В другом углу с независимым видом стояло человек семь. Они не принимали никакого участия в происходящем и только комментировали случившийся инцидент, словно бы были случайными свидетелями происходящего. Саня с удивлением увидел среди них "Весельчака - У". Тот самый загадочный Николай Иванович Терентьев - владелец заводов, газет, пароходов. Тот, которого в будущем назовут "Надеждой Нашей Экономики" и "Верным Патриотом Родной Страны". И что же он тут делает? Значит ли это, что Тереньтев пришёл в большой бизнес из Института? Саня не успел обдумать, как следует свою последнюю мысль, потому что женщина, следовавшая за ним, завизжала и бросилась с кулаками на лысого.
— Серов! Мразь! За что? Игнатушко мой, Игнатушко!
— Отвали Катерина! Пошла на хуй - коза ёбаная! — отмахивался от неё лысый. — Он заслужил!
Кто-то из сторонних наблюдателей сорвался с места и побежал их растаскивать, а Саня подобрался поближе к Терентьеву. Уж очень ему было интересно: что он тут забыл?
Возле изуродованного тела началась давка и куча мала. Лысого и женщину пытались разнять и развести по углам, но они вырывались и снова бросались друг на дружку. Разнимающие постоянно поскальзывались. Женщина визжала, лысый орал, их урезонивали, просили успокоиться. Саня обратил внимание, что Терентьев осуждающе качает головой.
— Убийца! Кровосос! Мы всё тебе отдали, всё! Себя, работу, детей, а ты...За что? Он просто хотел поговорить! Он верил тебе!
— Ваша семейка с вашим проектом у меня уже в печёнках сидит! Как же вы меня заебали! Я ему сто раз говорил, что Сентябрята - высший приоритет. На хуя вы сейчас ко мне лезете?
— Чтоб у тебя зенки лопнули!
— А ну подошла сюда! Как ты с директором разговариваешь - паскуда? Я тебя сейчас, сука, следом за мужем!
— Отпустите меня, отпустите! Вы разве не видите - он погубит нас всех!
Саня встал рядом с Терентьевым.
— О, Серафим Григорьевич, а вы сюда какими судьбами? Надоело сидеть в архиве? — поприветствовал его толстяк.
— Да, это я, — пожал ему руку Саня. — Я, Серафим Григорьевич, и мне надоело просиживаться в архиве. Не подскажите: из-за чего весь сыр-бор?
Толстяк задумчиво почесал нос.
— Из-за любви конечно. Всё у нас в стране: либо из-за любви, либо из-за денег. Других причин не бывает.
Временно исполняющий обязанности Серафима Григорьевича кивнул на стеклянную перегородку.
— Я так полагаю, одна из причин - там.
— Вы совершенно правы, — подтвердил толстяк. — Товарищ Серов пытается починить Черновол к 1 сентября. Она важнейший элемент нашего центрального проекта, поэтому сейчас он... несколько на взводе. Игнат - выбрал не тот момент для серьёзного разговора, хотя не скрою, причины у него были достаточно веские. Принести один проект в жертву, ради другого...Ох, уж мне эти интеллигентские муки выбора.
— А разве не выгоднее заполучить больше Рыжиков? Проект Игната был перспективнее? Вам не кажется? — наугад брякнул Саня.

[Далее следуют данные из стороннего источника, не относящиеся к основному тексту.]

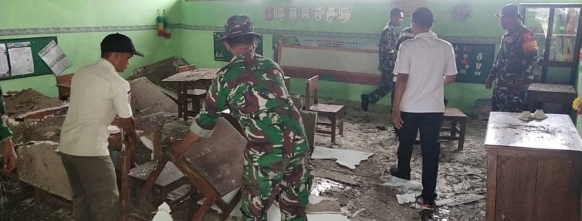 “Kehadiran personel TNI Polri tentu saja hal ini sebagai wujud sinergitas bersama masyarakat dalam membantu membersihkan ruang kelas akibat atap ambrol.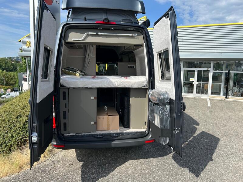 Toit relevable coloris du véhicule (lit double maxi avec système grand confort) + Baie projetante arrière côté gauche avec store occultant et moustiquaire + ISOFIX + Chaises pliantes (2 pièces) + table (y compris fixation) + Résistance électrique de 1 800 W (pour chauffage à air chaud diesel de 6 kW) + Panneaux solaires 2 x 95 W avec régulateur MPPT et écran d'affichage (pour toit relevable) + Filtre pour le circuit d'eau propre + Marchepied électrique tout-terrain (escamotable) pour une meilleure garde au sol : 9500 €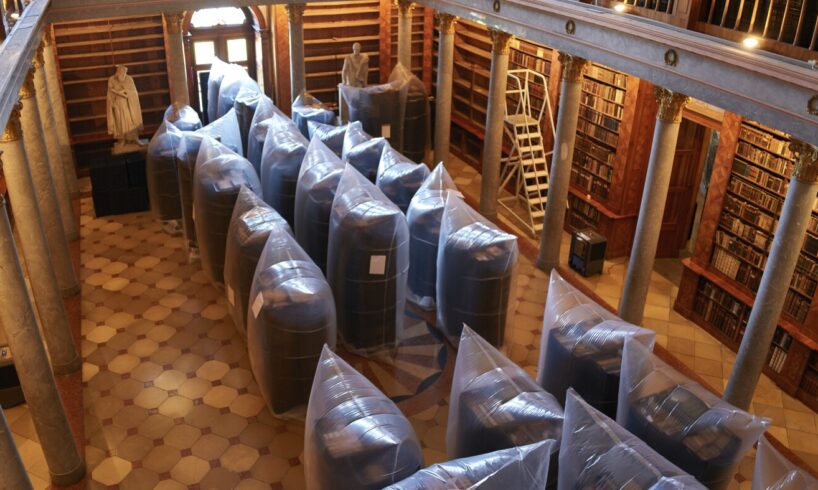 This photo provided by Pannonhalma Archabbey shows books kept in hermetically sealed plastic sacks for disinfection at the Pannonhalma Archabbey’s library in Pannonhalma, Hungary on July 3 as a beetle infestation threatens its ancient collection.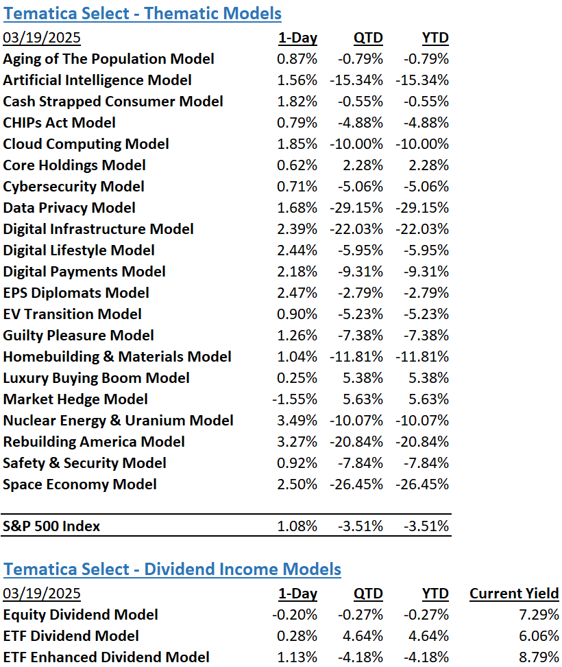 The Tematica Select Model Suite had a strong day across the board except for Luxury Buying Boom which saw some weakness as traders stepped in to “sell the news” after at least one luxury goods provider posted healthy results and an increased dividend. Otherwise, leadership came from Nuclear Energy & Uranium and Rebuilding America, followed by Space Economy and EPS Diplomats.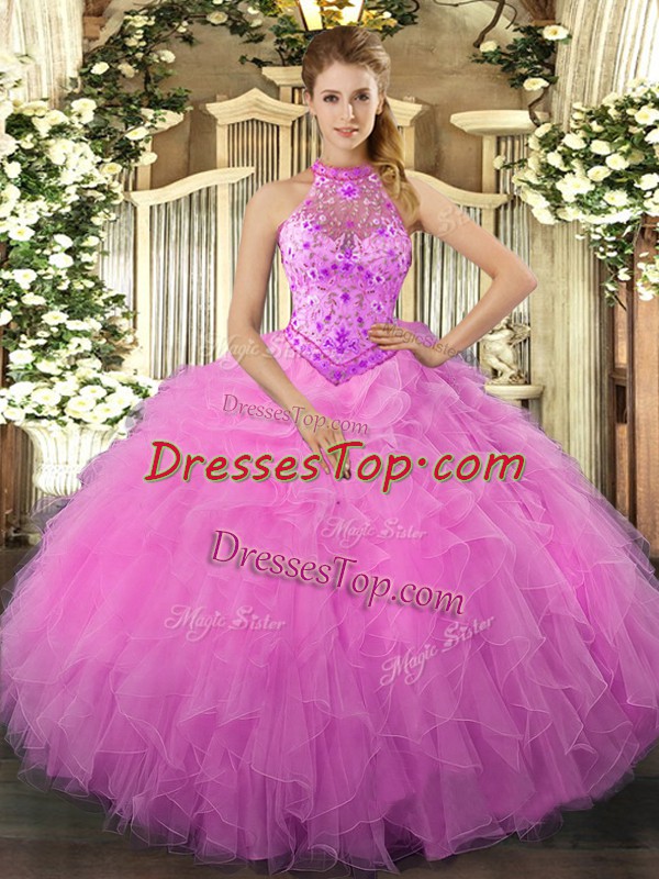Rose Pink Ball Gowns Organza Halter Top Sleeveless Beading and Ruffles Floor Length Lace Up Quince Ball Gowns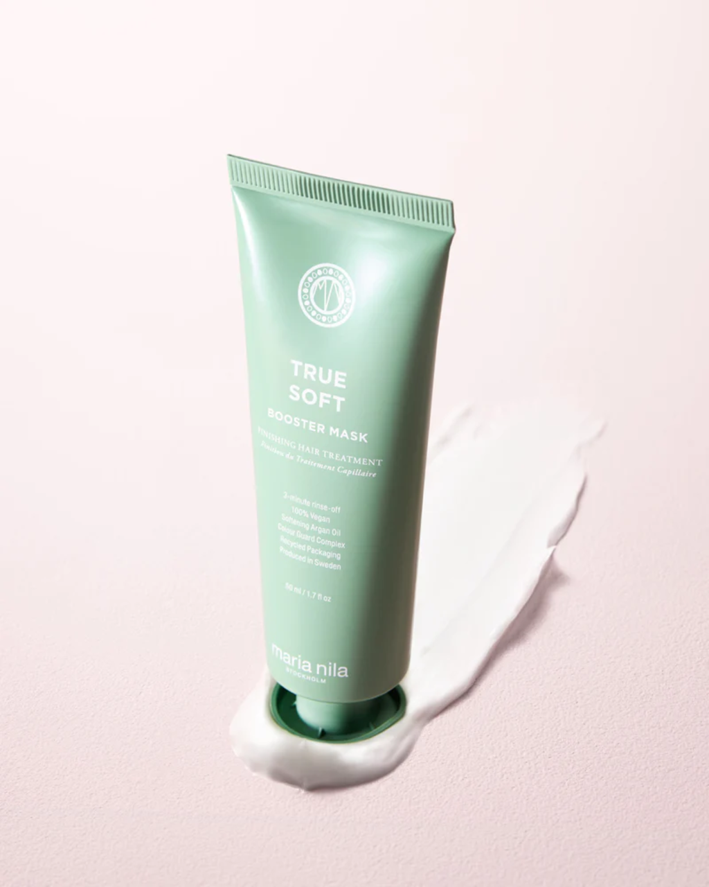 True Soft Booster Masque från Maria Nila har en innovativ formula med återfuktande arganolja och ett skyddande Colour Guard Complex – hemligheten bakom ett glänsande, friskt hår! På bara 3 minuter får ditt hår intensiv glans, mjukhet och styrka. Det bästa? Masken ersätter både balsam och hårinpackning i ett enda steg, vilket sparar tid och ger maximalt resultat tack vare 10 gånger fler aktiva ingredienser.

Тереньтев посмотрел на него с недоумением.
— Вы, чего это? — удивился он. — С чего вы решили, будто бы важно количество? Это вам Катерина голову задурила, что ли? Зря вы её слушали, напрасно. Они...
Толстяк кивнул на дерущихся.
—...Преследуют совершенно разные цели. Семья Косолапкиных, Катерина и Игнат хотят сделать всех детей Шепелева рыжиками, это правда, но постепенно. А конечный результат их работы должен проявиться только через 15 лет. Ни один современный бизнес не будет подстраиваться под такой длительный срок. Два-три года, да. Но не пятнадцать. А проект Серова и Черновол - предоставляет нам возможность получить чистый материал уже завтра. И это будет уже другой уровень, понимаете? Сентябрята - станут практически богами. Ну, а мы будем этими богами управлять.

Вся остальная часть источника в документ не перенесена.